BRIEF: All lines from the beginning of the listing through the line with "本商品:萩原 インド綿ラグ・マット VIAJERO(ビアヘロ)" are to be copied word for word; the pictures are not.

INPUT DATA:
++++++++++
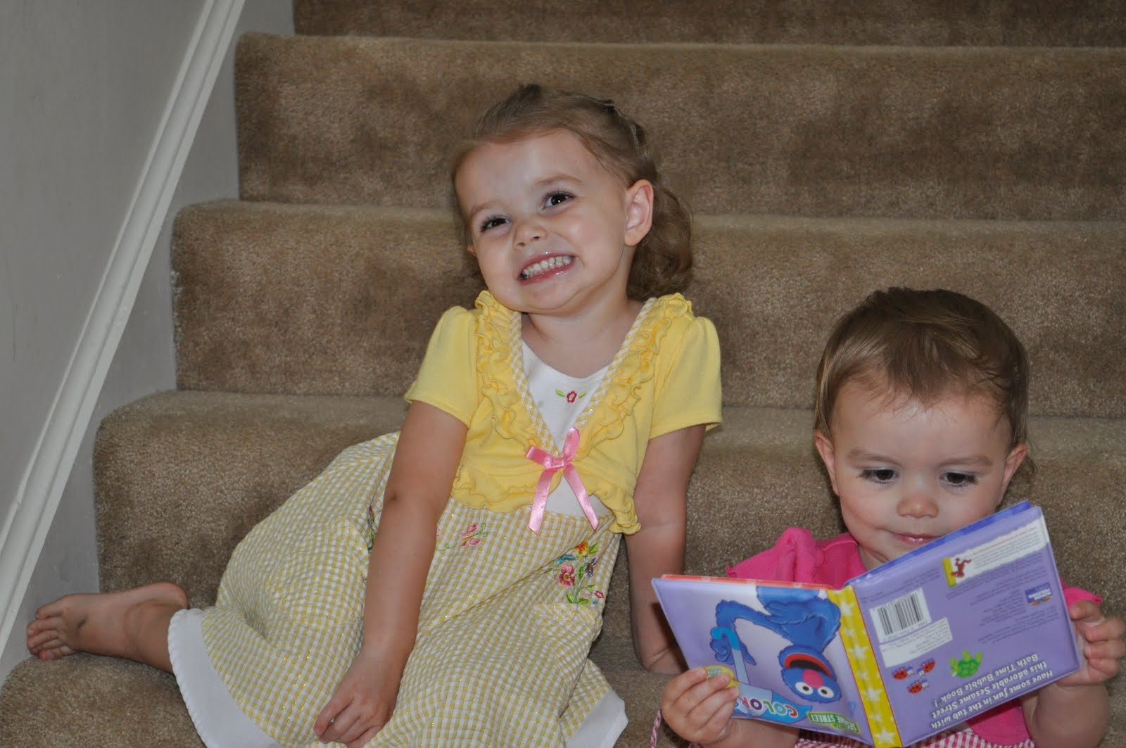 I love Emma's yellow dress and Mary's pink dress. They are so cute! I also love the little walk Emma is doing at the bowling alley. What a goof-ball.
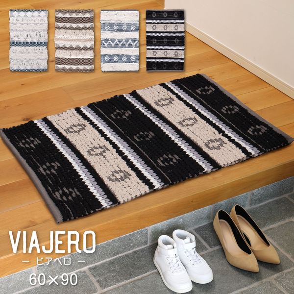 本商品:萩原 インド綿ラグ・マット VIAJERO(ビアヘロ) ウルド 600×900mm ブラック 270074800 1枚
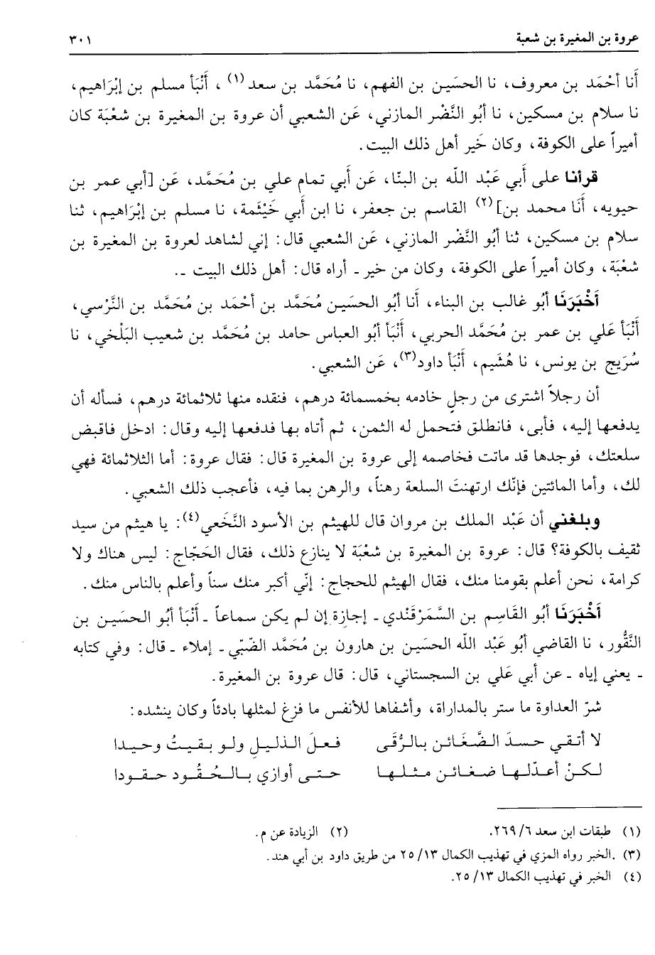 أنا أحمد بن معروف نا الحسين بن الفهم نا محمد بن سعد (1) أنبأ مسلم بن إبراهيم نا سلام بن مسكين نا أبو النضر المازني عن الشعبي أن عروة بن المغيرة بن شعبة كان أميرا على الكوفة وكان خير أهل ذلك البيت قرأنا على أبي عبد الله بن البنا عن أبي تمام علي بن محمد عن أبي عمر بن حيوية أنا محمد بن (2) القاسم بن جعفر نا ابن أبي خيثمة نا مسلم بن إبراهيم ثنا سلام بن مسكين ثنا أبو النضر المازني عن الشعبي قال إني لشاهد لعروة بن المغيرة بن شعبة وكان أميرا على الكوفة وكان من خير أراه قال أهل ذلك البيت أخبرنا أبو غالب بن البنا أنا أبو الحسين محمد بن أحمد بن محمد بن النرسي أنبأ علي بن عمر بن محمد الحربي أنبأ أبو العباس حامد بن محمد بن شعيب البلخي نا سريج بن يونس نا هشيم أنبأ داود (3) عن الشعبي أن رجلا اشترى من رجل خادمه بخمسما فنقده منها ثلاثمائة درهم فسأله أن يدفعها إليه فأبى فانطلق فتحمل له الثمن ثم أتاه بها فدفعها إليه وقال ادخل فاقبض سلعتك فوجدها قد ماتت فخاصمه إلى عروة بن المغيرة قال فقال عروة أما الثلاثمائة فهي لك وأما المائتين فإنك ارتهنت السلعة رهنا والرهن بما فيه فأعجب ذلك الشعبي وبلغني أن عبد الملك بن مروان قال للهيثم بن الأسود النخعي (4) يا هيثم من سيد ثقيف بالكوفة قال عروة بن المغيرة بن شعبة لا ينازع ذلك فقال الحجاج ليس هناك ولا كرامة نحن أعلم بقومنا منك فقال الهيثم للحجاج إني أكبر منك سنا وأعلم بالناس منك أخبرنا أبو القاسم بن السمرقندي إجازة إن لم يكن سماعا أنبأ أبو الحسين بن النقور أنا القاضي أبو عبد الله الحسين بن هارون بن محمد الضبي إملاء قال وفي كتابه يعني إياه عن أبي علي بن السجستاني قال عروة بن المغيرة شر العداوة ما ستر بالمداراة وأشفاها للأنفس ما فزغ لمثلها بادئا وكان ينشد هـ * لا أتقي حسد الضغائن بالرقى * فعل الذليل ولو بقيت وحيدا لكن أعدلها ضغائن مثلها * حتى أوازي بالحقود حقودا
++++++++++
ANSWER BOX:
 I love Emma's yellow dress and Mary's pink dress. They are so cute! I also love the little walk Emma is doing at the bowling alley. What a goof-ball.
 本商品:萩原 インド綿ラグ・マット VIAJERO(ビアヘロ) ウルド 600×900mm ブラック 270074800 1枚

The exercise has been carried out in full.